— Material to process —
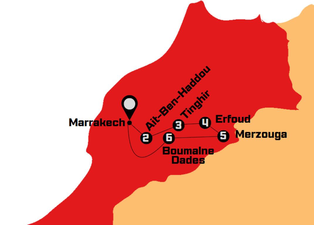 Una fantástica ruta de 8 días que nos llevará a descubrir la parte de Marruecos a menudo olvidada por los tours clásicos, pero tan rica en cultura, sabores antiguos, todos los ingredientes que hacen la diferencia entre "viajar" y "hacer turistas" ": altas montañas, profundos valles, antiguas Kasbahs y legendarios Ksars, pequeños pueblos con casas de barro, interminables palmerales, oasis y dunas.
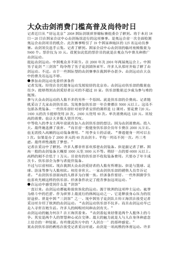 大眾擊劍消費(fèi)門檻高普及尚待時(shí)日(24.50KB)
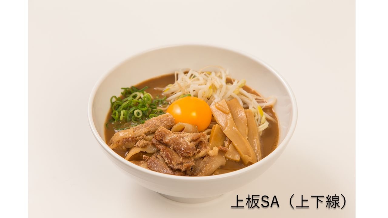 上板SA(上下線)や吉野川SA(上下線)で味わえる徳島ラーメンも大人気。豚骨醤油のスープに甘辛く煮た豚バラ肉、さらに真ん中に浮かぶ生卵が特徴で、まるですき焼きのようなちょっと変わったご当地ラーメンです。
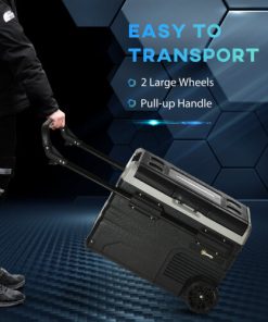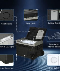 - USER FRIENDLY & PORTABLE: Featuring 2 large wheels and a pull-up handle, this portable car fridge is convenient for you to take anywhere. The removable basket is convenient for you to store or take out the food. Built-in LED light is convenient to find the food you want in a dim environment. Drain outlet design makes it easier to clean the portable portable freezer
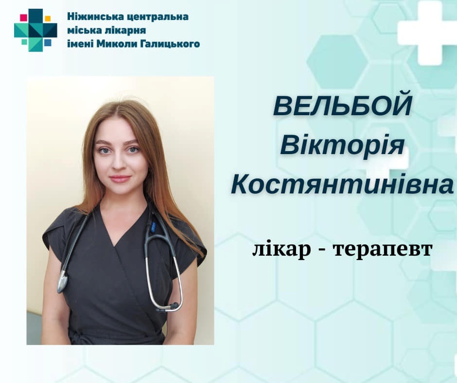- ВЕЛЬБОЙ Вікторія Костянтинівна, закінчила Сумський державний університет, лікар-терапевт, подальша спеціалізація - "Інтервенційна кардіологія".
--
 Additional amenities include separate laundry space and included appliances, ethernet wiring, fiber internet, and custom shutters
--
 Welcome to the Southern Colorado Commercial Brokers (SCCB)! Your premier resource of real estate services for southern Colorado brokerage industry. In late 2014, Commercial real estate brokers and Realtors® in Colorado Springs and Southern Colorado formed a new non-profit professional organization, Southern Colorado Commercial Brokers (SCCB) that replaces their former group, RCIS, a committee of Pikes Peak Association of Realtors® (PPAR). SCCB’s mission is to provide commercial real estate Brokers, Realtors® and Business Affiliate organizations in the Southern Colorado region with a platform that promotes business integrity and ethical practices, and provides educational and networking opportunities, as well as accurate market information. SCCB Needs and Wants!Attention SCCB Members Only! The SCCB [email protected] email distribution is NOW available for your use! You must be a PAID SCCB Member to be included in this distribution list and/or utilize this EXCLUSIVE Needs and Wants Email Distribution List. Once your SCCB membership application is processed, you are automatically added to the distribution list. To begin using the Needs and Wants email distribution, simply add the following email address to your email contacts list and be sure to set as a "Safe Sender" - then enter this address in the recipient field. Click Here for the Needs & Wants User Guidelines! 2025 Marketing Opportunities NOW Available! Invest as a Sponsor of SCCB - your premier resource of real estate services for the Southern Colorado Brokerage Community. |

— To do —
From the line containing "上板SA(上下線)や吉野川S" through the line containing "- ВЕЛЬБОЙ Вікторія", copy every line above exactly, without pictures.

— Exercise response —
 上板SA(上下線)や吉野川SA(上下線)で味わえる徳島ラーメンも大人気。豚骨醤油のスープに甘辛く煮た豚バラ肉、さらに真ん中に浮かぶ生卵が特徴で、まるですき焼きのようなちょっと変わったご当地ラーメンです。
 - USER FRIENDLY & PORTABLE: Featuring 2 large wheels and a pull-up handle, this portable car fridge is convenient for you to take anywhere. The removable basket is convenient for you to store or take out the food. Built-in LED light is convenient to find the food you want in a dim environment. Drain outlet design makes it easier to clean the portable portable freezer
- ВЕЛЬБОЙ Вікторія Костянтинівна, закінчила Сумський державний університет, лікар-терапевт, подальша спеціалізація - "Інтервенційна кардіологія".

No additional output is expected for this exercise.